| Exercise directions |
Produce a verbatim copy of the data below that contains no pictures.

| Collected material |

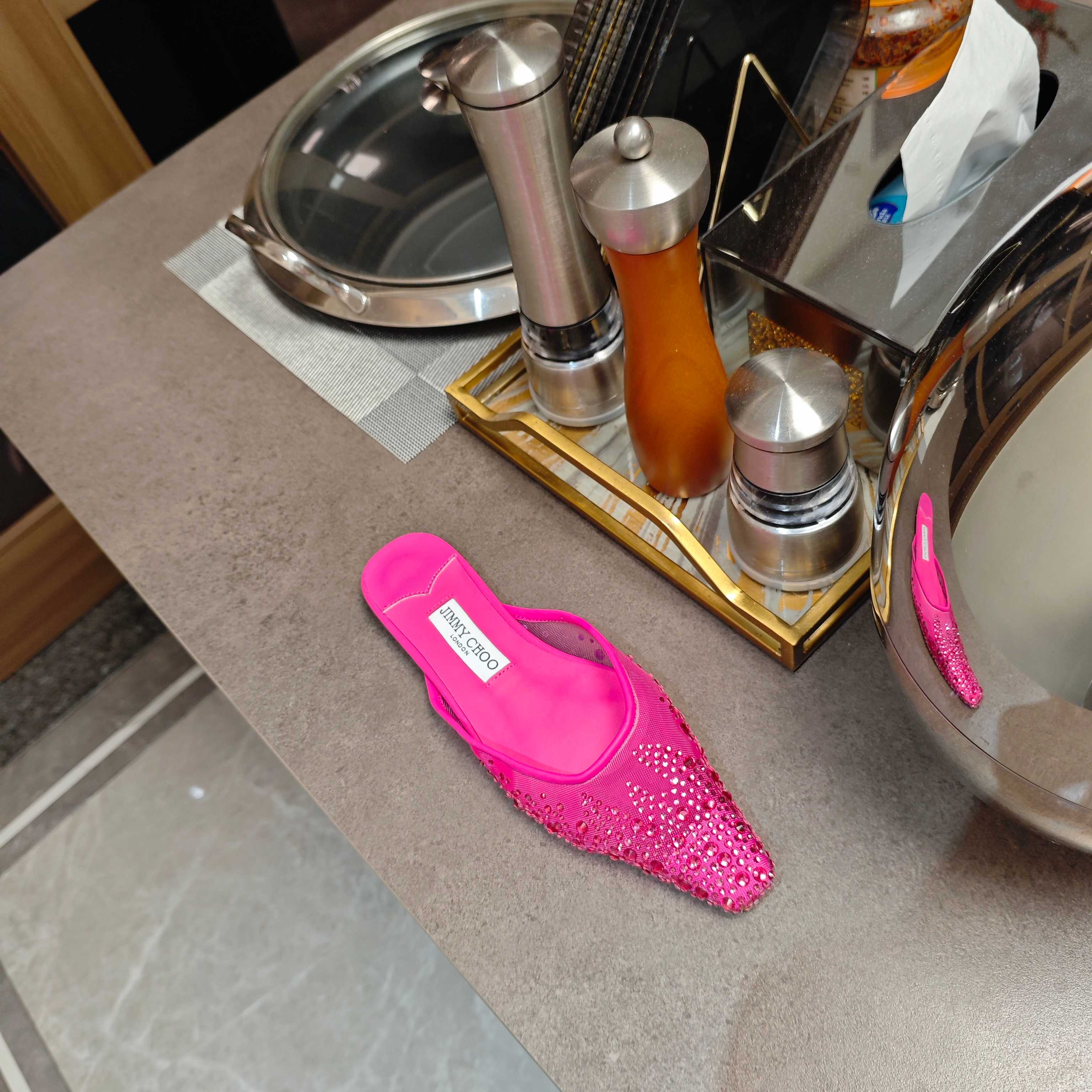 Jimmy 25 Mule Flats Deep Pink Mesh Gauze 240057
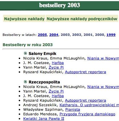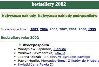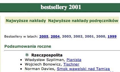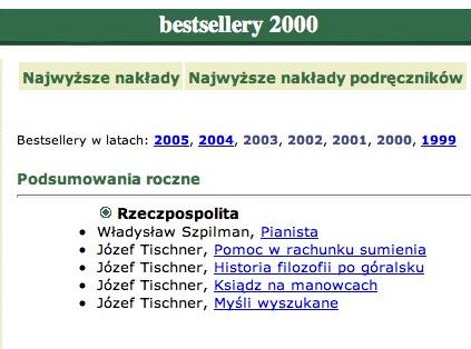 Najbardziej poruszajaca ksiazka roku jest Pianista Wladyslawa Szpilmana, historia przezycia okupacji hitlerowskiej w Warszawskim Getcie, napisana ponad piecdziesiat lat temu.
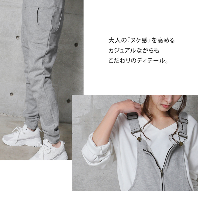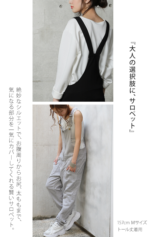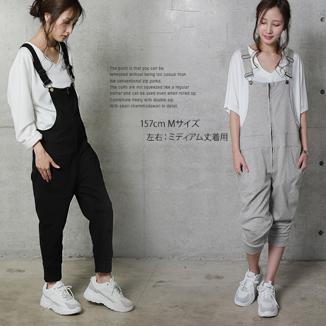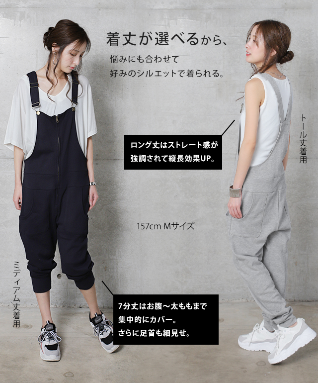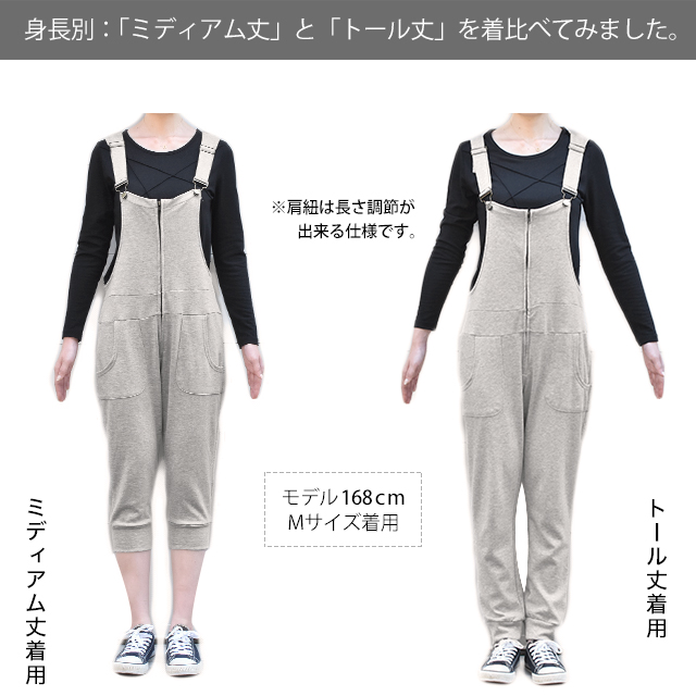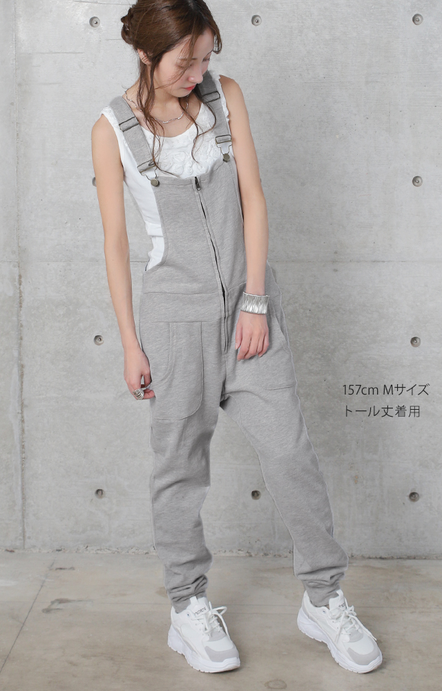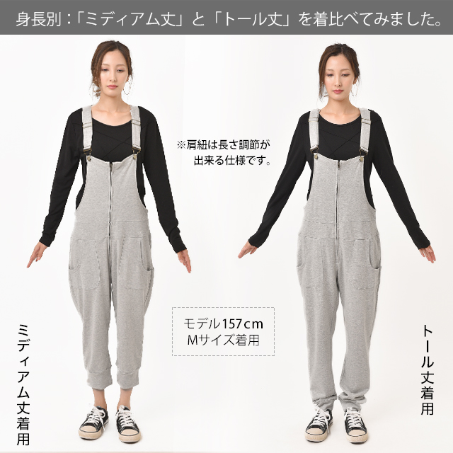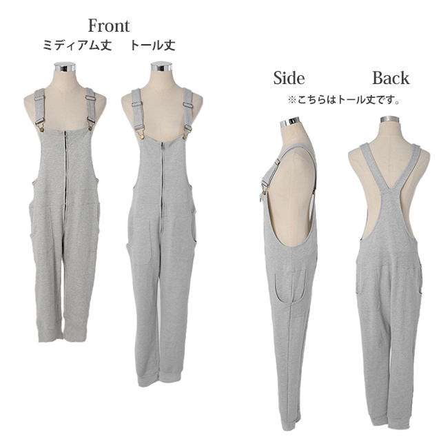 スウェットオールインワン。トール丈とミディアム丈の2タイプからお選び頂けます。

| Response to this exercise |
 Jimmy 25 Mule Flats Deep Pink Mesh Gauze 240057
 Najbardziej poruszajaca ksiazka roku jest Pianista Wladyslawa Szpilmana, historia przezycia okupacji hitlerowskiej w Warszawskim Getcie, napisana ponad piecdziesiat lat temu.
 スウェットオールインワン。トール丈とミディアム丈の2タイプからお選び頂けます。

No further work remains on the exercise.